Endeavour’s 2-Day Drive Through LA in Less Than 3 Minutes

Here’s a fantastic timelapse compilation of space shuttle Endeavour’s big drive through the streets of Los Angeles. Photographer/cinematographer Matthew Givot and his team followed the shuttle during the 2-day ‘endeavor’ — a drive that included photo-ops of the shuttle driving past several well-known L.A. landmarks. There were also some tight squeezes and ‘back-up-and-start-over’ turns and corners. Driving a space shuttle through a metropolis like LA is a little more complicated than initially thought, as the trip took 17 hours longer than originally planned. But it’s obvious from the reactions of the crowds and the look on people’s faces that Endeavour will be well-loved in her new home.

Mission 26 The Big Endeavour from Givot on Vimeo.

Below is another video of the move from NASA:

If you want to see more of the move, Robert Pearlman from collectSPACE.com has a gallery of over 150 images of the drive, and NASA’s Flickr page has a huge collection, too. Here’s a great one from Robert:

Space shuttle Endeavour drives by the iconic Randy’s Donuts in LA. Credit: Robert Pearlman, collectSPACE.com

11 Replies to “Endeavour’s 2-Day Drive Through LA in Less Than 3 Minutes”

  1. If this shuttle and all it has accomplished, is not proof of humanities accomplishments, and our NEED of further accomplishment… I have no idea what is.

    I just wish the masses, that want funds for such damned-amazing accomplishments cut, could see it too 🙁

    1. The Ford Pinto has a much lower death-to-passenger mile number than the SST. So if you want to glorify a NASA project, SST does not come to my mind. A complicate delivery system certainly does not qualified as the apex of human scientific accomplishment. CERN, maybe? Voyager? Apollo?

    2. As a now retired laborer who loves the space program, I also wish some of the masses and frankly some academics would appreciate those overpaid people, who sweat by the hour, making things, paying taxes, that support everyone who gets to get paid pondering research. It is comical to allow American manufacturing to bite the dust and expect the NASA budget not to suffer.

  2. This ‘mission’ may be the most important mission Endeavor has ever performed? Millions will see her and think or dream about where she’s been and what she’s done. Truly an inspirational ship. My hope is that her current mission inspires us toward even greater achievements!

  3. Aliens must scratch their heads in amazement at how we humans organize life in such time consuming ways.

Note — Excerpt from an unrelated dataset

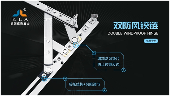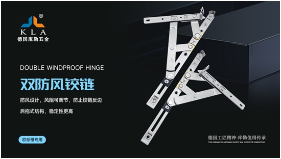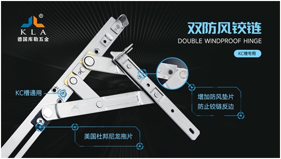 為了提高鉸鏈的防風性,庫勒五金經過88次實驗室測試和3萬次開啟實驗,隆重推出雙防風鉸鏈。此產品結構獨特,不會松脫,開關過程無噪音,而且承重能力強,經久耐用。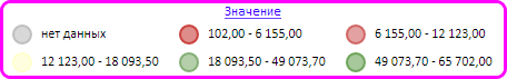 В результате выполнения примера будут установлена розовая граница у легенды пузырьковой диаграммы экспресс-отчета с толщиной в 3 пиксела, подписи легенды будут расположены в 3 столбца:

  4. “The Ford Pinto has a much lower death-to-passenger mile number than the SST.”
    I don’t know where you could have come up with such a statistic – I suspect you made it up. Given the many, MANY, millions of miles the shuttles traveled it just cannot be true.
    “A complicate delivery system certainly does not qualified as the apex of human scientific accomplishment.”
    Oh? Why not? It was the most , yes, complicated machine ever built. It was not perfect but it worked way more often than not. Yes, it killed some people – most very regrettable. But its technology was on the razor edge of possibilty. If that is not the apex of human scientific accomplishment I don’t know what is. CERN, Voyager, Apollo, are all excellent in their own way, but they do not overshadow the SST.
    For what it was tasked to do, and with the interference of politics and budget problems, it is astonishing what the scientists and engineers managed to build..

    1. Pinto: 27 gas-tank fire deaths in 2×10^6 Pintos produced @20,000miles each = 4×10^10 miles for a 7×10^-10 gas-tank-death per mile.

      SST: 14 deaths in 135 mission of 2.9×10^6 miles per mission = 3.9×10^8 miles for a 3.6×10^-8 death per mile.

      So, not even close: Pinto gas-tank explosion is some 50 times less likely to cause death than the SST.

      I said ‘scientific accomplishment’, not engineering accomplishment. Please know the difference.

  5. Amazing to see this vehicle which regularly traveled at 18,000+ mph moving at 2 mph to its final home. It’s clear from the joy and warmth of the crowd that American’s support the space program and love the adventure.